Letter to the Faculty
Dear Villanova Faculty Member:
When noted economist Edward Ross lost his job at Stanford University in 1900 because Mrs. Leland Stanford didn't like his views, other professors were watching. The incident stuck in the mind of Arthur O. Lovejoy, philosopher at Johns Hopkins. When he and John Dewey organized a meeting at Johns Hopkins University in 1915, to form an organization to ensure academic freedom for faculty members, the AAUP was born. "Academic freedom" was a new idea then.
Your interest in academic freedom, the defense of the tenure system, and an active role of faculty in university governance remains important. To make your interest effective, we need your participation in the Villanova chapter of the American Association of University Professors, which was established here at Villanova in 1941. THe AAUP is the national organization for all faculty, as the ABA is for lawers or the AMA for medical doctors.
As the national organization of all faculty members from all academic fields, the AAUP brings the expertise of its professional, full-time staff in Washington, D.C. to Villanova in ways requested by our local chapter.

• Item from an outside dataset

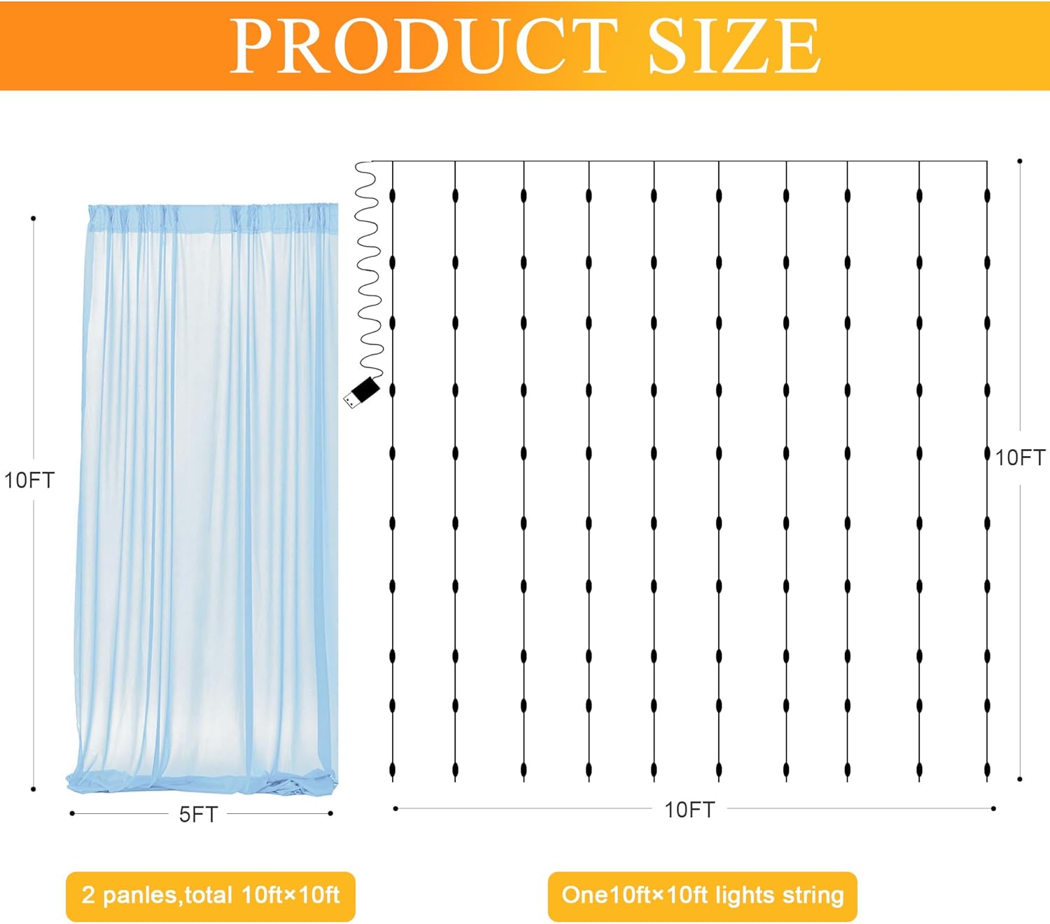 - Package Includes: 2 panels baby blue tulle backdrop curtains, each sheer curtain backdrop is 5FT width and 10FT height. Also it includes a set of 10FT (10 strands) warm string light (USB powered,no remote control) and 12pcs transparent clips.

It can bring the weight of broad exposure to bear on individual colleges and universities, as it has done recently during the direct assaults on tenure at Bennington College in Vermont and the University of Minnesota. It commonly deals with the more usual threat to tenure: administrators’ desire for flexibility and chronic complaints about underfunding – all of which leads to the frequent use of adjunct faculty who have little job security, low pay, few if any benefits, and no pension. Nationally, almost half of all college courses are taught by adjunct faculty. Tenured professors account for only 30 percent of college teachers.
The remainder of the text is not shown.